Health Secretary Andrew Lansley's planned NHS reforms represent a missed opportunity for cancer care, mainly because they do not build upon the success of the cancer networks, a new report warns.
The government's proposals do not go far enough in improving treatment for cancer patients, and may even jeopardise the progress made over the past decade, according to the study, which is produced by health policy think tank 2020Health.
Cancer networks, through which a patient's treatment and care are managed through a joined-up approach, are acknowledged as having improved cancer treatment in the UK, but there is growing concern that the government's new commissioning structure could undo the progress made so far, the report claims.
The UK still has one of the worst cancer survival rates among member countries of the Organisation for Economic Cooperation and Development (OECD). Despite spending £5.8 billion on cancer care, Britain offers poor survival rates compared to Europe, Canada, Australia and many Scandinavian countries, it says.
The study also claims that the government's proposals ignore feedback from health experts, who are calling for greater patient involvement in the design and management of their care.
"It's only fair for patients to play a more active role in shaping the direction of their health care," says Gail Beer, consultant director at 2020Health, and she goes on to criticise the mindset of providers of cancer care.

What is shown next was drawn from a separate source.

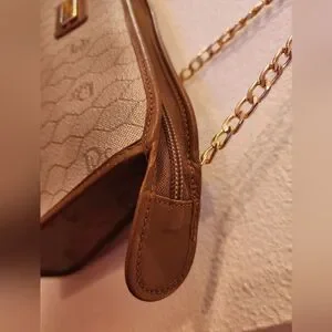 the chain is not attached to bag, but threaded through it to be used as a shoulder bag

"Worryingly, the proposals do not change that the commissioning of cancer services is still based on targets and not outcomes. Targets on computer spreadsheets are meaningless to patients - what matters to cancer sufferers and their families is the outcome. What is right for one patient may be wholly inappropriate for another. The NHS needs to finally shake off its 'one size fits all' approach to healthcare," she says.Ms Beer praises the progress that has been made in the treatment of the "big four" cancers - breast, colon, lung and prostate - over the last five years, and the report argues that these improvements are "directly attributable" to the introduction of cancer networks. However, it adds, this progress risks being undermined.
Cancer networks were introduced in 2000 to encourage the providers and commissioners of cancer care to work together to deliver quality, personalised services to patients, and Mr Lansley's reforms are a missed opportunity, principally because they do not build on the networks' success, according to Ms Beer.
"If the cancer networks are to be dismantled as a result of the latest reforms, the British public must be assured that their replacement is capable of delivering patient-focused improvements in cancer care. Mr Lansley's report offers little assurance that this will be the case," she says.
2020Health says that its research has revealed an "urgent demand" from health professionals for greater accountability in cancer care. It is essential for this to be "robust" in order to implement change at all levels of care, from planning and commissioning and into delivery, they say.
"Strengthen the mechanisms of accountability and we will improve how we plan and manage cancer care - failure to do so will impact directly on cancer sufferers," Ms Beer warns.
She also emphasises that leadership will be "crucial" in navigating the way forward. "Cancer care cannot be reformed without engagement from clinicians at all levels and clarity about what needs to happen," she says, adding: "this is something the government must address as a matter of urgency - with cancer care, the stakes are very high indeed."